The Cartesi Machine architecture can be separated into a processor and a board. The processor performs the computations, executing the traditional fetch-execute loop while maintaining a variety of registers. The board defines the surrounding environment with an assortment of memories (ROM, RAM, flash drives, rollup memory ranges) and a number of devices. To make verification possible, a Cartesi Machine maps its entire state to the physical address space in a well-defined way. This includes the internal states of the processor, the board, and of all attached devices.
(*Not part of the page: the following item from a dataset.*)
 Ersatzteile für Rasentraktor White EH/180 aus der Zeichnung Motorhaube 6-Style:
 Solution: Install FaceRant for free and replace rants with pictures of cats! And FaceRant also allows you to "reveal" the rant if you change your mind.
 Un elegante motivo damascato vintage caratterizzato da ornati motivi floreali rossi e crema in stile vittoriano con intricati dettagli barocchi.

The contents of the address space therefore completely define the Cartesi Machine. Fortunately, this modification does not limit the operating system or the applications it hosts in any significant way.

Both the processor and board are implemented in the emulator. A full description of the RISC-V ISA is out of the scope of this documentation (See the volumes 1 and 2 of the ISA specification for details.) This section describes Cartesi's RISC-V architecture, the modifications made to support verification, the devices supported by the emulator, and the process the machine follows to boot the Linux kernel.

The processor

Following RISC-V terminology, Cartesi Machines implement the RV64IMAZicsr_Zifencei ISA. The letters after RV specify the extension set. This selection corresponds to a 64-bit machine, integer arithmetic with multiplication and division, atomic operations, as well as the optional supervisor and user privilege levels. In addition, Cartesi Machines support the Sv39 mode of address translation and memory protection. Sv39 provides a 39-bit protected virtual address space, divided into 4KiB pages, organized by a three-level page table. This set of features creates a balanced compromise between the simplicity demanded by a blockchain implementation and the flexibility expected from off-chain computations.
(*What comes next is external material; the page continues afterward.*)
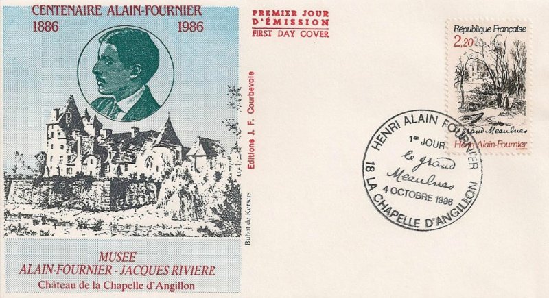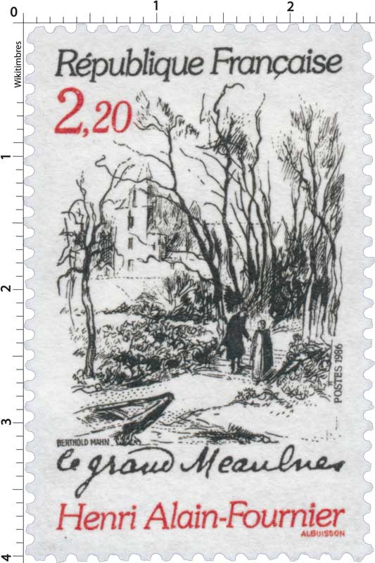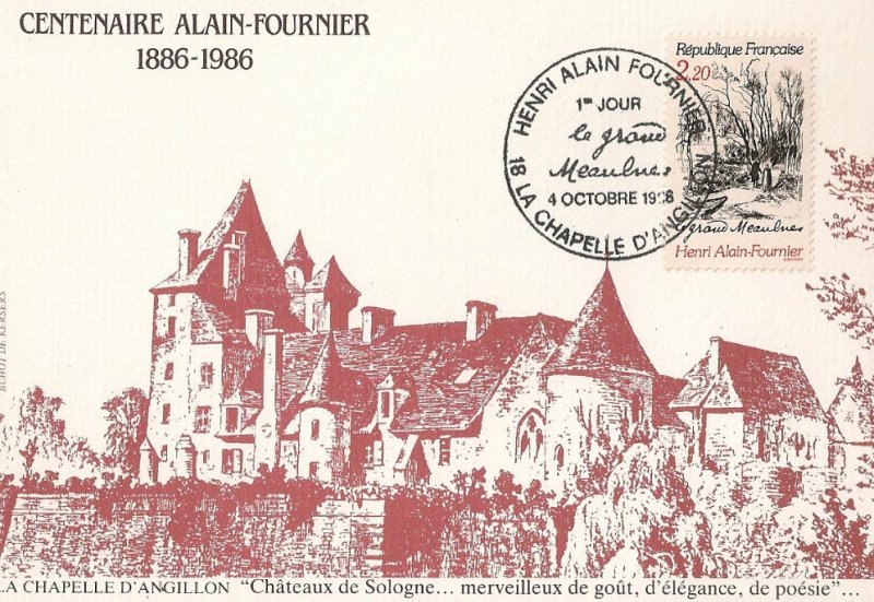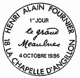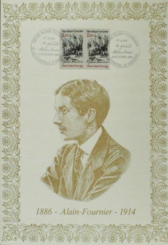 | Description | Centenaire de la naissance d'Henri Alain-Fournier (1886-1914), né à La Chapelle-d'Angillon (Cher). Son unique roman le Grand Meaulnes |

There are a total of 98 instructions, out of which 28 simply narrow or widen, respectively, their 64-bit or 32-bit counterparts. This being a RISC ISA, most instructions are very simple and can be emulated in a few lines of high-level code. In contrast, the x86 ISA defines at least 2000 (potentially complex) instructions. In fact, the only complex operation in RISC-V is the virtual-to-physical address translation. Instruction decoding is particularly simple due to the reduced number of formats (only 4, all taking 32-bits).
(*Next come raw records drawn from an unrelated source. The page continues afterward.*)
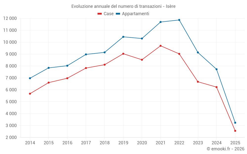 Il prezzo mediano sulle 1042 transazioni di case degli ultimi 3 mesi nel dipartimento di Isère era di 2 755 € al metro quadrato per un valore patrimoniale mediano di 271 075 €. In questo periodo il 60% delle transazioni era tra 1 856 e 3 667 € al metro quadrato (dal 2° all'8° decile).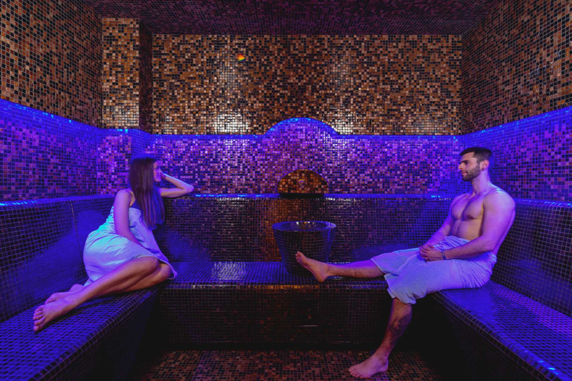 Kuntosali. Hotellin kylpylässä on lämmitetty sisäuima-allas, poreallas, sauna ja turkkilainen sauna. Spa-hoidot lisämaksulla.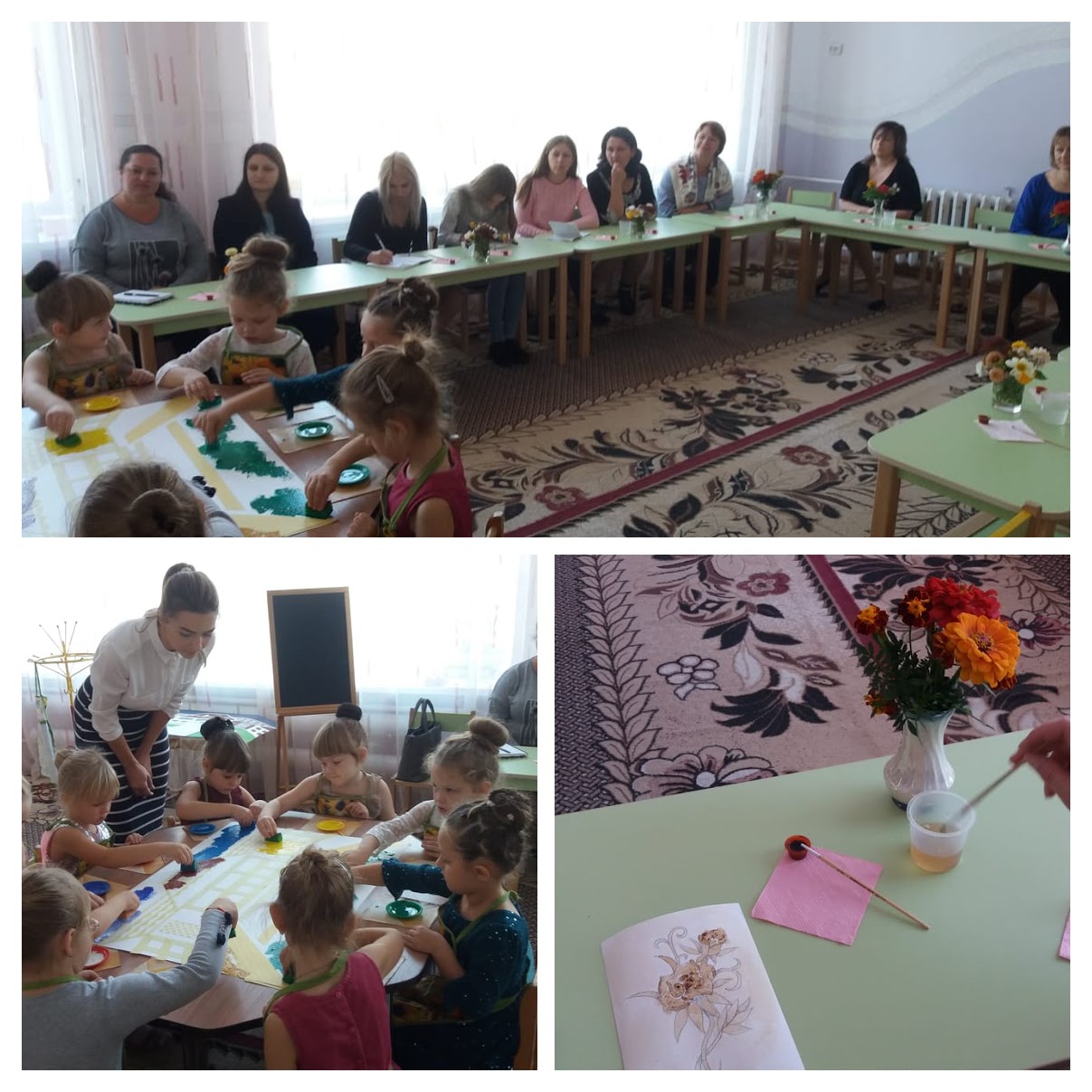 Вихователі садочків подивились заняття гуртка з образотворчого мистецтва у ЗДО «Берізка» на тему «Завітала осінь в наш садочок». Керівник Гуртка Парандій Мар’яна Ігорівна з високим професіоналізмом провела заняття, використовуючи нетрадиційні методики малювання. Системність у роботі Мар’яни Ігорівни показує високі результати діток старшої групи. Дошкільнята вчаться бачити красу, відчувати її, реагувати на красиве емоціями і почуттями. Музичний керівник закладу Федуняк Л.Д. та інструктор з фізичного виховання Дарнобід С.С. доповнили семінар цікавим спортивним таночком та грою на дитячих музичних інструментах.

The entire processor state fits within 512 bytes, which are divided into 64 registers, each one holding 64-bits. It consists of 32 general-purpose integer registers and 26 control and status registers (CSRs). Most of these registers are defined by the RISC-V ISA; the remaining are Cartesi-specific. The processor makes its entire state available, externally-only and read-only, by mapping individual registers to the lowest 512 bytes in the physical address space (in the processor shadow). The adjacent 1.5KiB are reserved for future use. The entire mapping is given in the following table:

Offset RegisterOffset RegisterOffset RegisterOffset Register
0x000 x0 0x120 mcycle0x160 misa0x1a0 sepc
0x008 x1 0x128 minstret0x168 mie0x1a8 scause
0x130 mstatus0x170 mip0x1b0 stval
0x0f8 x310x138 mtvec0x178 medeleg0x1b8 satp
0x100 pc0x140 mscratch0x180 mideleg0x1c0 scounteren
0x108 mvendorid0x148 mepc0x188 mcounteren0x1c8 ilrsc
0x110 marchid0x150 mcause0x190 stvec0x1d0 iflags
0x118 mimpid0x158 mtval0x198 sscratch

The only generally relevant standard register is mcycle. Since its value is advanced at every CPU cycle, it can be used to identify a particular step in the computation being performed by a Cartesi Machine. This is a key component of the verification process, and can also be used to bound the amount of computation.

The registers whose names start with i are Cartesi additions, and have the following semantics:

  • The layout for register iflags can be seen below:

    Bits 63–54–3210
    Field ReservedPRVXYH

Bit PRV gives the current privilege level (0 for User, 1 for Supervisor, and 3 for Machine), bit X is set to 1 when the processor has yielded automatic, bit Y is set to 1 when the processor has yielded manual, bit H is set to 1 to signal the processor has been permanently halted.

  • Register ilrsc holds the reservation address for the LR/SC atomic memory operations;

The board

The interaction between board and processor happens through interrupts and the memory bus. Devices are mapped to the processor's physical address space. The mapping can be seen in the following table:

Physical address Mapping
0x00000000–0x000003ff Processor shadow
0x00000800–0x00000bff Board shadow
0x00001000–0x000ffff ROM (Bootstrap & Devicetree)
0x02000000–0x020bffff Core Local Interruptor
0x40008000–0x40008fff Host-Target Interface
0x60000000–0x600fffff (configurable) Rollup RX buffer
0x60200000–0x602FFFFF (configurable) Rollup TX buffer
0x60400000–0x60400FFF (configurable) Rollup Input Metadata
0x60600000–0x606FFFFF (configurable) Rollup Voucher Hashes
0x60800000–0x608FFFFF (configurable) Rollup Notice Hashes
0x80000000–configurable RAM
configurable Flash drive 0
configurable Flash drive 7

There are 60KiB of ROM starting at address 0x1000, where execution starts by default. The amount of RAM is user-configurable, but always starts at address 0x80000000. Finally, a number of additional physical memory ranges can be set aside for flash-memory devices. These will typically be preloaded with file-system images, but can also hold raw data.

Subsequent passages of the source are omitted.